#### Aim of the task
Copy out the entries word for word, leaving images aside.
Top of Data to examine
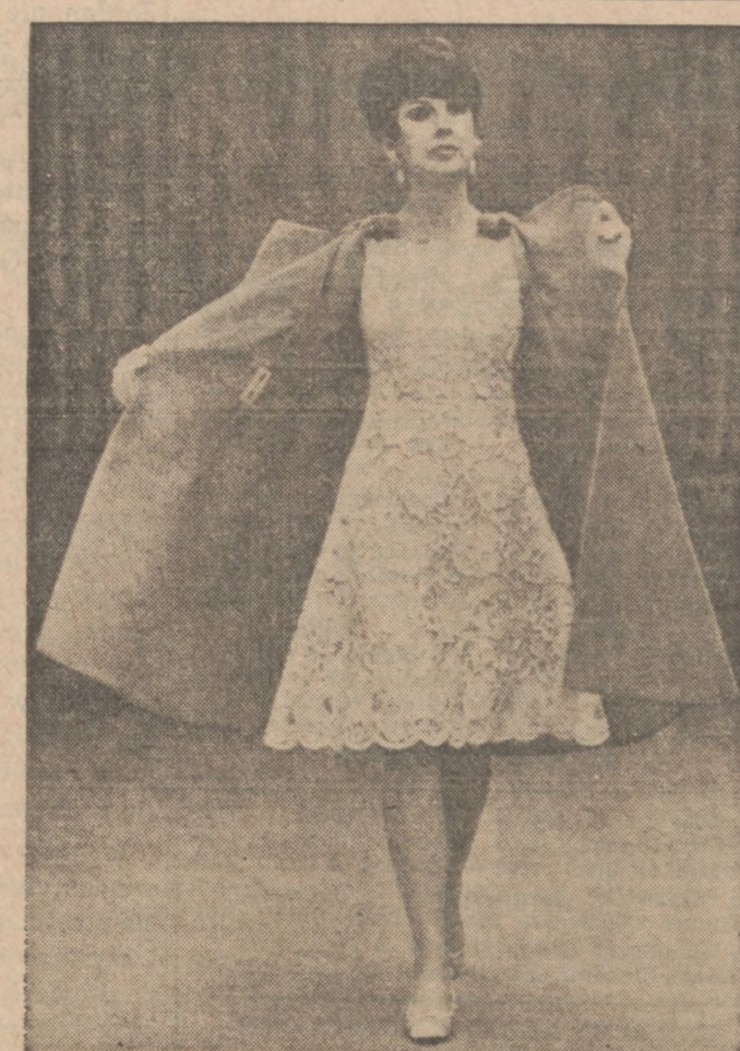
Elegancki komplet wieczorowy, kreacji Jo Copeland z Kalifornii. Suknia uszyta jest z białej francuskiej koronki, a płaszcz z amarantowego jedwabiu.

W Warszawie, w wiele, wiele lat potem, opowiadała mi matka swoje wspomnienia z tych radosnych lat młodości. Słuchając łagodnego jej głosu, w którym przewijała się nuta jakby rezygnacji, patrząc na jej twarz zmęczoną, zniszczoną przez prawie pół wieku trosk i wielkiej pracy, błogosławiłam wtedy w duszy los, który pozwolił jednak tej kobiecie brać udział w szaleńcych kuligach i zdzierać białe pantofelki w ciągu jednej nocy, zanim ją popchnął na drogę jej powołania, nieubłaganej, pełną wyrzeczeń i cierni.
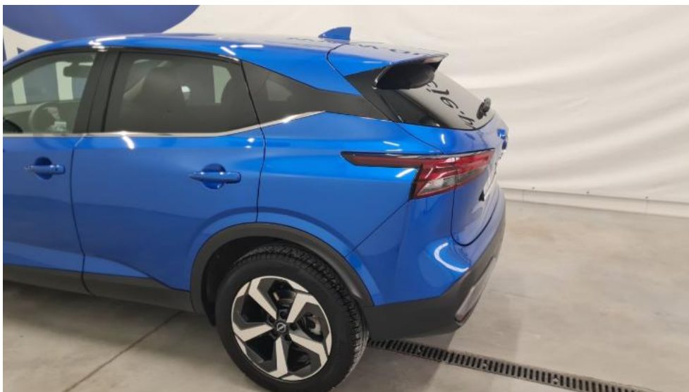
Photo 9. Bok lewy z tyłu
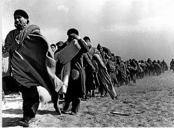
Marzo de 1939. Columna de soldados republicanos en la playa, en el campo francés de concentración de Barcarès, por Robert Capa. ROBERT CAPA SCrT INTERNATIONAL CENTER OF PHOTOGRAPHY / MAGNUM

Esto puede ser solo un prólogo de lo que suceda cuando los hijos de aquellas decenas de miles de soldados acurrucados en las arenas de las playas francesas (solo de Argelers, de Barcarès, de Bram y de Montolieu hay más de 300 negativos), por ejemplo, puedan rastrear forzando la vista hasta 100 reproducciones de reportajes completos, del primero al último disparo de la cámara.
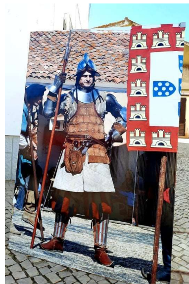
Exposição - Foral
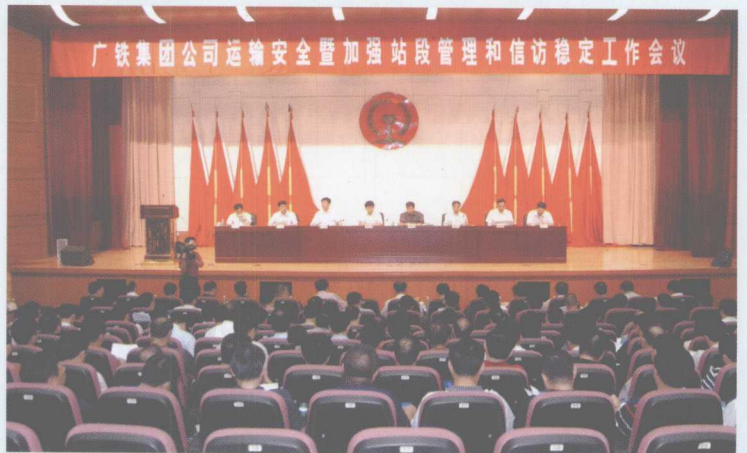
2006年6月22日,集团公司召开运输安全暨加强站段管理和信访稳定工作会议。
Bottom of Data to examine
#### Solution for this exercise
Elegancki komplet wieczorowy, kreacji Jo Copeland z Kalifornii. Suknia uszyta jest z białej francuskiej koronki, a płaszcz z amarantowego jedwabiu.

W Warszawie, w wiele, wiele lat potem, opowiadała mi matka swoje wspomnienia z tych radosnych lat młodości. Słuchając łagodnego jej głosu, w którym przewijała się nuta jakby rezygnacji, patrząc na jej twarz zmęczoną, zniszczoną przez prawie pół wieku trosk i wielkiej pracy, błogosławiłam wtedy w duszy los, który pozwolił jednak tej kobiecie brać udział w szaleńcych kuligach i zdzierać białe pantofelki w ciągu jednej nocy, zanim ją popchnął na drogę jej powołania, nieubłaganej, pełną wyrzeczeń i cierni.
Photo 9. Bok lewy z tyłu
Marzo de 1939. Columna de soldados republicanos en la playa, en el campo francés de concentración de Barcarès, por Robert Capa. ROBERT CAPA SCrT INTERNATIONAL CENTER OF PHOTOGRAPHY / MAGNUM

Esto puede ser solo un prólogo de lo que suceda cuando los hijos de aquellas decenas de miles de soldados acurrucados en las arenas de las playas francesas (solo de Argelers, de Barcarès, de Bram y de Montolieu hay más de 300 negativos), por ejemplo, puedan rastrear forzando la vista hasta 100 reproducciones de reportajes completos, del primero al último disparo de la cámara.
Exposição - Foral
2006年6月22日,集团公司召开运输安全暨加强站段管理和信访稳定工作会议。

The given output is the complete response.